I posted lots of photos recently because I refused to think, using stress as an excuse. Now, I am finally willing to write again, after pushing all thoughts away during the past few weeks.
I have not managed to secure a job yet. I am feeling intense pressure, panic and frustration because starting my training this month had been crucial to the schedule of this year. The duration of the training is 10 months – the later I start, the later I finish. I didn’t want to meet anyone at all throughout this period, assuming that I will have to sit through conversations I’d rather not hear from friends, all of which have started their training. The same things happen whenever I see Alex. He wakes up every morning at 6:20, while I can still linger under the duvet – the only bright side of the whole situation. Then, I spend the rest of the day facing the laptop, cleaning the house, doing the laundry and the dishes, eventually culminating in preparing the evening meal while waiting for Alex to return. This whole housewife lifestyle has at least made me realize that I don’t want to get married so soon, or at the very least having my own career.

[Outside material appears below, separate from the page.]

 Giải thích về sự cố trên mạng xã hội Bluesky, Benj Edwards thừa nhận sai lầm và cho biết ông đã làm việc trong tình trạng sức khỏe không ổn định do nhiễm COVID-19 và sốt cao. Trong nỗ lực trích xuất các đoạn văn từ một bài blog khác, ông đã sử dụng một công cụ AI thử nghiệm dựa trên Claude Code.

I attended quite a number of interviews over the past months, but nothing worked out. So many choices became my eventual nemesis. I became arrogant, leading to poor performance in each interview. So what? I had “others”. This indecision, greed and overconfidence led to my downfall. When I finally realised the extent of my mistake, I had only one interview left. And it was sick irony that I did my best for the last interview, paying attention and giving my best effort like no other, and then securing the job, only to find out it came with pathetically bad conditions, one which I finally had to reject.

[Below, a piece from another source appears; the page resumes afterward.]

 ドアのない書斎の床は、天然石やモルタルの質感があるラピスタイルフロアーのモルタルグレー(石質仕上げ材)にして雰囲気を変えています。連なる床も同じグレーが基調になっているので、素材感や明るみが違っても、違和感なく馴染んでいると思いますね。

Anyhow, thanks to Tristyn for breaking the news that there will be an exception this year around – the 10 month training period has been reduced to only 6. I’ve sent an email to my tutor, and, pending his confirmation, I am actually looking forward to exploring other choices. Other jobs might not pay as much I could get as an architectural assistant, but nevertheless it may be end up being interesting.
Here comes some photos from Oxford…
taken at the top of Carfax Tower, remains of the 13th century church
Bridge of Sighs, sharing the same name as the one in Venice because of its similarity
the Bridge of Sighs in Venice,
this was taken when we were there
It was a day trip before we headed to Cambridge in the evening.